A sociedade há de
encontrar na fé a nota indispensável e insubstituível da sua sinfonia perdida.
Pensam muitos que para se conquistar essa harmonia basta a correção no âmbito
da política partidária. Trata-se de aspecto importante, mas que não é
suficiente. Há um longo caminho de reconstrução das cidadanias para vencer
mediocridades. É preciso reagir, com investimentos urgentes e indispensáveis,
na educação, em reformas, no cultivo da sensibilidade social, da consciência de
que se pertence a um povo. De modo especial, é importante investir na fé,
tesouro que
alicerça a vida,
ilumina a razão, inspira e equilibra a conduta humana.
A Palavra de Deus, na
Carta aos Hebreus, capítulo 11, bem define esse tesouro: “A fé é a certeza daquilo
que ainda se espera, a demonstração de realidades que não se veem”. Cultivá-la
provoca transformações profundas que são capazes de devolver, a cada pessoa, o
brilho sagrado que reside no coração humano. Por isso mesmo, não é permitida a
nenhuma confissão religiosa contemporizar com as manipulações a respeito dos
entendimentos sobre Deus e a fé n’Ele professada, para alcançar certos
objetivos questionáveis.
Cultura e sociedade
Os líderes religiosos
têm grande responsabilidade e não podem retardar a reação diante dessas
manipulações que ocorrem a partir de meios de comunicação bem estruturados, de
certas práticas alicerçadas na irracionalidade que, por isso mesmo, são
incapazes de gerar transformações necessárias na cultura e na sociedade.
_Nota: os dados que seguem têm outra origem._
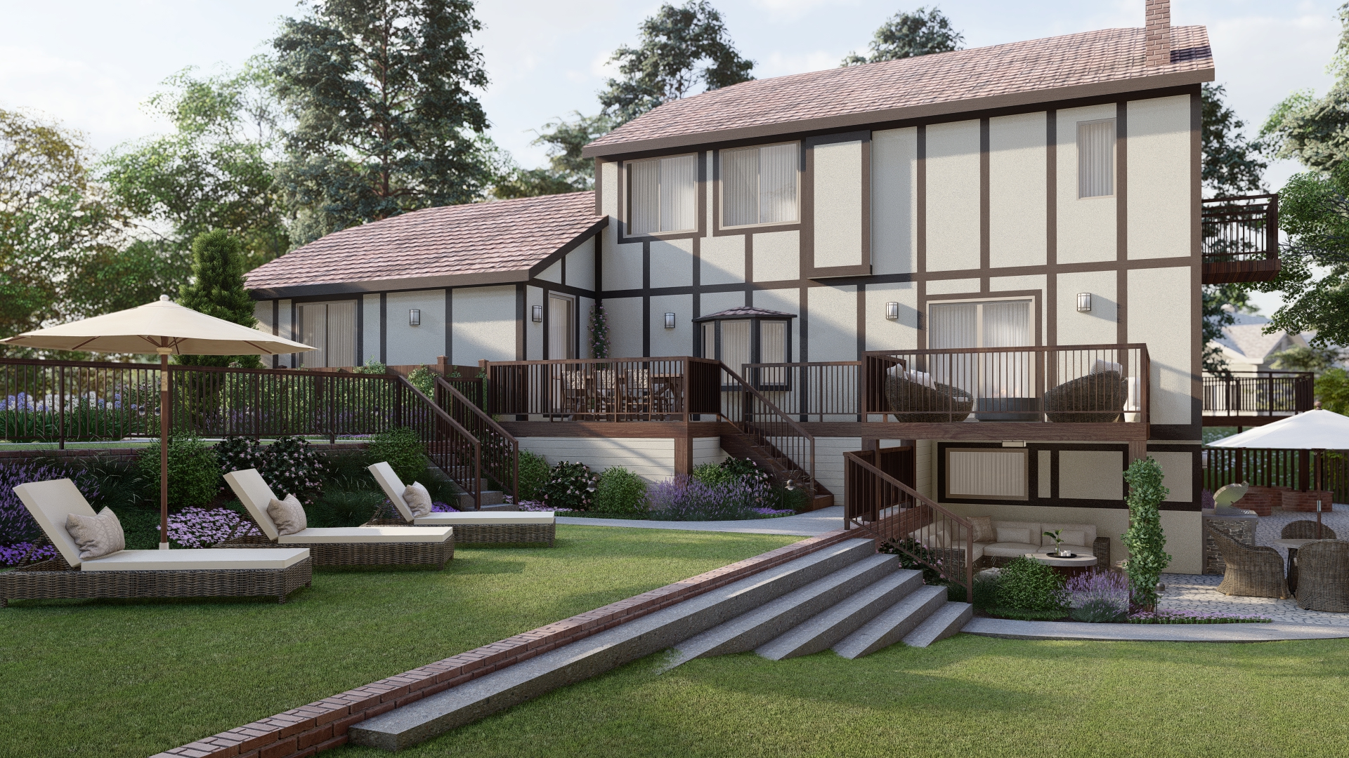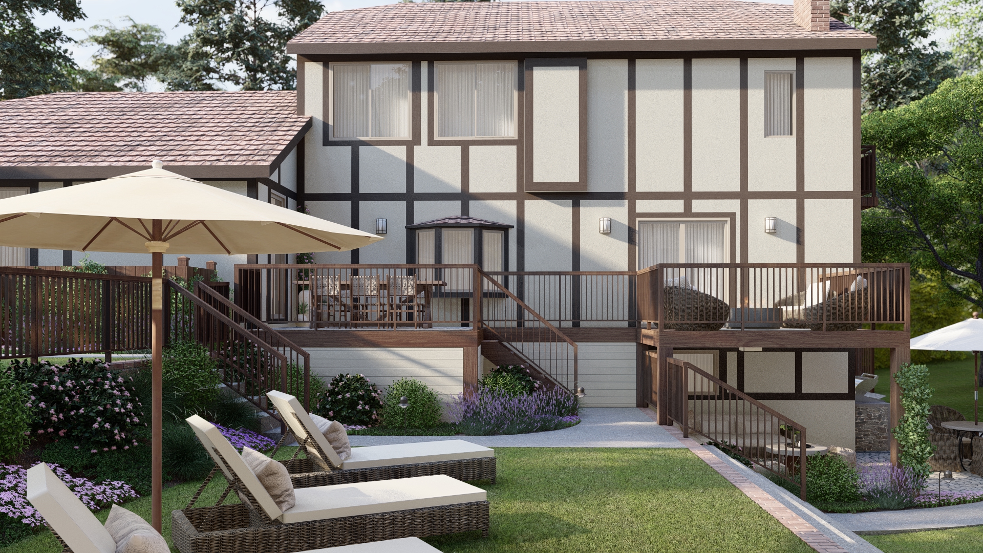 This extensive backyard remodel, titled The Vertical Garden: Multi-Level Outdoor Living, was designed to harmonize with the home's distinctive Tudor architecture while maximizing utility and visual appeal across multiple elevations. The result is a lush, tiered sanctuary that feels like a natural extension of the indoors, perfect for both tranquil afternoons and dynamic gatherings.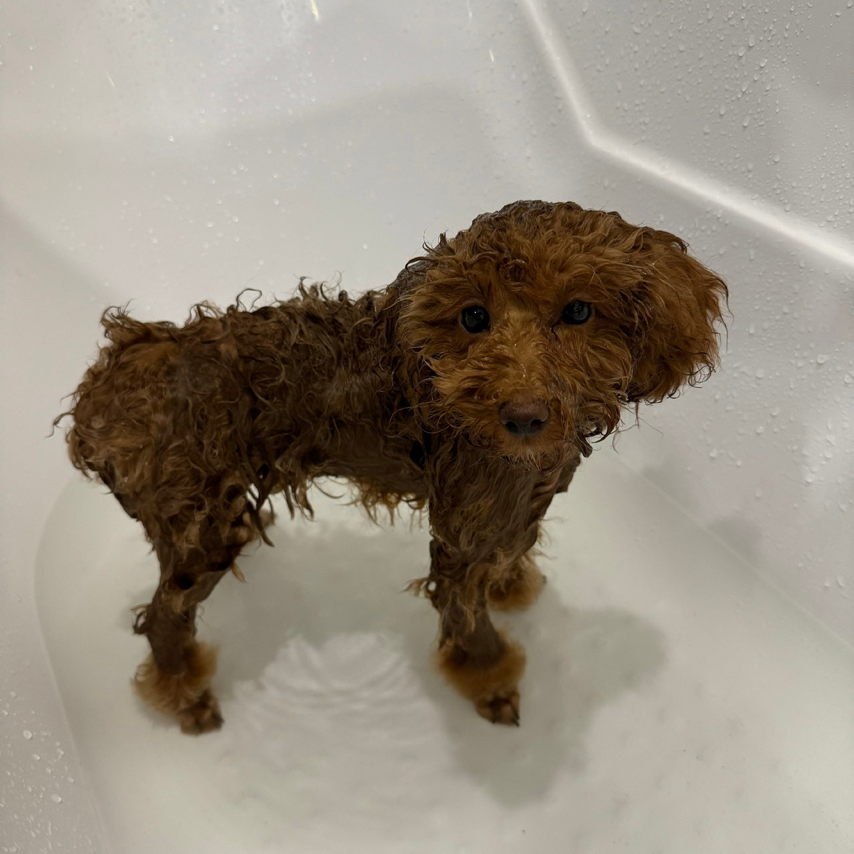 • Что делать: Используй тёплую воду и специальные шампуни для собак. Поливай собаку медленно, избегай резких движений и шума.

Situações diversas que impedem o surgimento de novos horizontes, só alcançados
pela fé, por sua vivência, a partir da coragem profética e mística de seu
testemunho.
Compreende-se a fé não
como prática piedosa, no sentido de se reservá-la a sacristias, ou como força a
ser buscada simplesmente pelo viés milagreiro, conduta que muitas vezes apenas
alimenta cofres, justifica nomes e deixa, em segundo plano, o que é essencial e
urgente no que se refere a respostas cidadãs. A fé é uma luz que deve incidir
sobre todas as relações sociais, desdobrando-se em gestos de solidariedade.
Toda autêntica
manifestação da fé é experiência de fraternidade, sustentada pelo
reconhecimento da paternidade de Deus. No centro dessa experiência está o amor
do Pai, que não deixa obscurecer a preciosidade singular da vida humana. Assim,
a fé leva o homem a preservar o seu lugar no universo, sem que se extravie da
sua natureza. Quem cultiva a fé torna-se cada vez mais consciente da própria
responsabilidade moral, demove-se da pretensão de ser árbitro absoluto de tudo
e não corre o risco oneroso e destruidor de achar que tem o direito de
manipular outras pessoas.
Justiça
É verdade que a justa
ordem da sociedade e do estado é dever da política e, como afirma Santo
Agostinho, “um estado que não se rege segundo a justiça, se reduz a uma grande
banda de ladrões, porque a justiça é o objetivo e a medida intrínseca de toda
política”. Na busca pela realização da justiça, a política necessita da fé, que
tem propriedades para iluminar a razão a partir da experiência do encontro com
o Deus. Essa experiência ultrapassa a dimensão simplesmente racional. Nesse
sentido, a fé possibilita à razão realizar melhor a sua tarefa de configurar a
cidadania nos parâmetros necessários para a construção de uma sociedade melhor.
Por tudo isso, é
possível reconhecer a importância de cultivar e sempre ter apreço pelo
patrimônio da fé enraizado na cultura de um povo. Um dom que exige atenção
redobrada no seu cuidado. Eis um compromisso de todos, de governos também, para
que a genuinidade da fé fecunde cidadanias e reconduza a sociedade aos caminhos
da
justiça, do bem, às
veredas da verdade e da fraternidade.